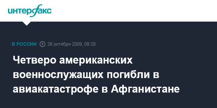 Четверо американских военнослужащих погибли в авиакатастрофе в Афганистане
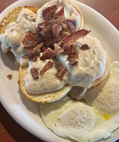 certified angus beef steak covered in gravy made with our housemade wild boar chorizo, fresh sage, bacon. served with two local eggs cooked to order, sourdough toast, and hash browns or cottage cheese.
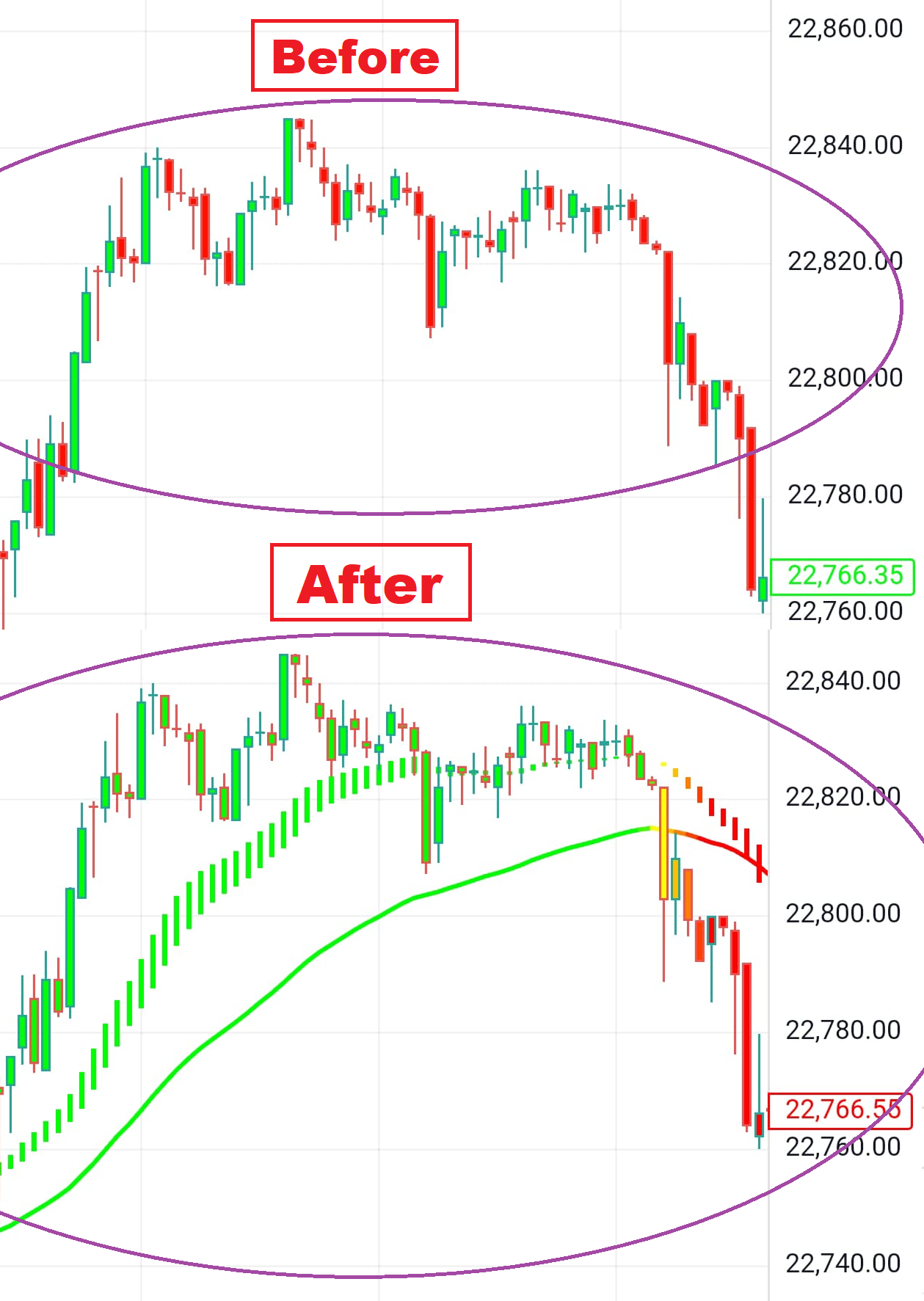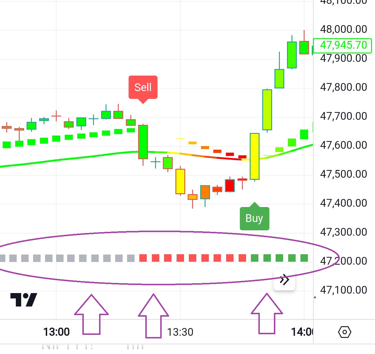 Trend Candles Will Help You to Remove the Noise From The Candles & Understand The Market Trend Properly From Red Green To Candle Will Start Showing Only Green Or Only Red Only Green Means Buy Trend Only Red Means Sell Trend

◇ ◇ ◇

ASSIGNMENT: Starting with the top line, write out all the data above exactly; keep the pictures out.

TASK SOLUTION:
 Четверо американских военнослужащих погибли в авиакатастрофе в Афганистане
 certified angus beef steak covered in gravy made with our housemade wild boar chorizo, fresh sage, bacon. served with two local eggs cooked to order, sourdough toast, and hash browns or cottage cheese.
 Trend Candles Will Help You to Remove the Noise From The Candles & Understand The Market Trend Properly From Red Green To Candle Will Start Showing Only Green Or Only Red Only Green Means Buy Trend Only Red Means Sell Trend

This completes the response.